As to the other fundamental criticism, our use of the New Cambridge Bibliography of English Literature (NCBEL), this is really a simple issue of what was practicable and of not allowing the non-existent best to be the enemy of the good - a principle which also governed our choice of the most suitable text. We needed a comprehensive bibliography. There is only one in existence, NCBEL. There are of course hundreds of more limited bibliographies of very variable quality (even the admirable and well-known Index of Middle English Verse that Dr Reimer recommends can hardly be counted as error free), but if the project were to be completed in reasonable time at a price that was at least affordable by libraries - for the investment of both time and money in the database, unsupported by any institution, has been very considerable - then there had to be concentration on this one modern and, in principle, comprehensive guide. NCBEL's faults are familiar to practising scholars but it has the great strength of being a resource known to all in the field and used by all in the field, and thus a practical and clearly-defined basis for this undertaking. It might be argued that we should have waited for the proposed revised NCBEL before commencing work, but at that time the revised NCBEL was a long way off and today looks unlikely to be completed for several years. And after the New NCBEL do we await the New New NCBEL?

Accuracy

Turning to Dr Reimer's criticisms of our accuracy, I am frankly puzzled by his unsubstantiated attribution of multiple errors of transcription. It would be a miracle if there were none, but has Dr Reimer really compared the texts of several hundreds of fourteenth- and fifteenth-century poems in the database with the sources the database shows that it used? He gives no examples, so it is impossible for us to check. Everybody who deals with these texts knows that a fifteenth-century scribe rarely copies the same text twice in exactly the same spelling. (Chaucer's texts in University of Cambridge Gg IV. 27 and Oxford Bodleian Rawlinson Poet. 163 offer some very clear examples. See Derek Brewer 'The Grain of the Text' in Acts of Interpretation, ed. Mary J Carruthers and Elizabeth D Kirk, Norman, Oklahoma, 1982, 199-28; also The English Poetry Full-Text Database Newsletter, issue 2 (May 1992).) Is it possible that Dr Reimer has consulted different sources from those used by the database?

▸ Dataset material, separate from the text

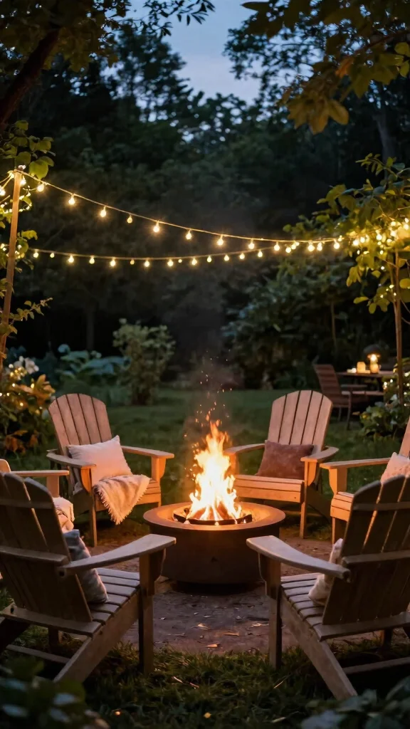 Cozy evenings shine brightest when your adirondack chairs fire pit setup pairs soft blankets with warm light and string lights overhead. Relaxed comfort invites lingering—just swap in cushions and a fire pit that complements the lighting for a cohesive, eco-friendly retreat.
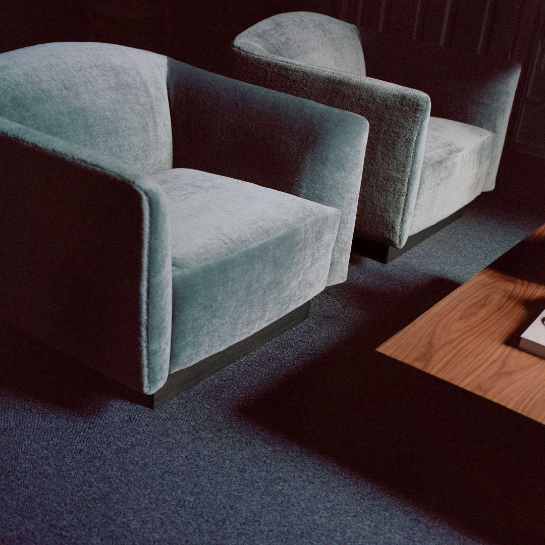 The New Works Shore Lounge Chair invites the eye to wander across the subtle curvature of the backrest, inspired by the movement of a wave. The subtle curvature is the perfect support for the body, while the plinth base contrasts the soft upper and lifts the furniture so that it appears to be floating.

Dr Reimer seems to suggest that we used sixteenth-century texts as a cheap or easy option. But where sixteenth-century texts (oddly called incunabula by Dr Reimer) have been used it has been following the principle of presenting texts contemporary with their authors or simply due to the unavailability of an alternative. Using black letter texts is difficult, demanding and expensive. We did not do it more than we felt was necessary. For the record, Dr Reimer is quite wrong in his summary of our method of production: our keyers are all English speakers; the 99.95% accuracy level is the minimum that the keyers guarantee to us and all texts are sampled to ensure that they better this minimum; all texts that fall below around 99.97-8% accuracy are proofread; all black letter texts in the database have been 100% proofed.

Sorting results

On functionality issues, Dr Reimer appears to be confused about what English Poetry can and cannot do and about the way in which it does those things that it can do.

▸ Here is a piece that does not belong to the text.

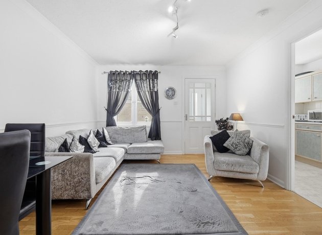 Equally close by, Loughton Nature Reserve and the vast, historic expanse of Epping Forest, perfect for leisurely walks and outdoor pursuits, are 0.6 miles on foot. The modern apartment is entered by a private, central entrance door, into a small porch and from there into the main living/dining room which overlooks the beautiful deep green in front of the home.

Ignoring punctuation in title/first line browse lists might produce 'intuitively' acceptable results in some cases but not in all. The question of phrase sorting is a very difficult one, particularly if you are dealing with 180,000 phrases. Our routines for sorting have been carefully thought out and are sophisticated. Unfortunately intuition is not a rule that a machine can follow. In any case what is the intuitive order for the following titles taken from English Poetry?

Dream
The DREAM Dream.
DREAM!
A Dream. (RECORDED AS FAITHFULLY AS POSSIBLE)
THE DREAM. A FRAGMENT.
The DREAM. To Sir Charles Dumcomb from the Country.
THE DREAM. XLIII
A DREAM. AFTER READING DANTE'S EPISODE OF PAULO AND FRANCESCA.
The Dream: Imitated from Propertius
DREAM AND DAWN
DREAM BABIES
DREAM-COME-TRUE
"THE DREAM DIVINE"
THE DREAM IS - WHICH?
THE DREAM IS BROKEN.

It would be nice to have the luxury of reviewing the sort order and manually moving things that an intelligent eye felt were not placed as 'intuitively' as they could be, but then it would be impossible to have the feature Dr Reimer praises that enables you to 'zoom' to a particular alphabetical section of the browse window; this relies on logic rather than intuition.

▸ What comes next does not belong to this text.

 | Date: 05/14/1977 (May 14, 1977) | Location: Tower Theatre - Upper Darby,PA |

Subsequently he complains that a similar 'zoom' feature is not available to move to particular texts in the full-text display. I can only conclude that he has not made use of the Table of Contents, which lists authors alphabetically disc by disc and works alphabetically under authors. The Table of Contents allows instant access to the full-text at the author level or the document level or the poem level, or the canto level ... indeed at any named subdivision of the text there is an immediate link into the full-text, and all subdivisions are nested hierarchically, making the Table of Contents for a whole disc quick and easy to navigate. Using the Table of Contents Dr Reimer could have got to any one of over fifty named subsections in the last book of Lydgate's 'Fall of Princes' in seconds, including the final 'Lenvoye'. If all he had wanted to do was get to the end, he could simply have clicked the next poem button in the tool-bar and scrolled up a few lines. He is also mistaken in claiming the database is in no particular order. The texts on each disc are in the same order as the Table of Contents, that is alphabetical by author/title. Does anyone have a better order?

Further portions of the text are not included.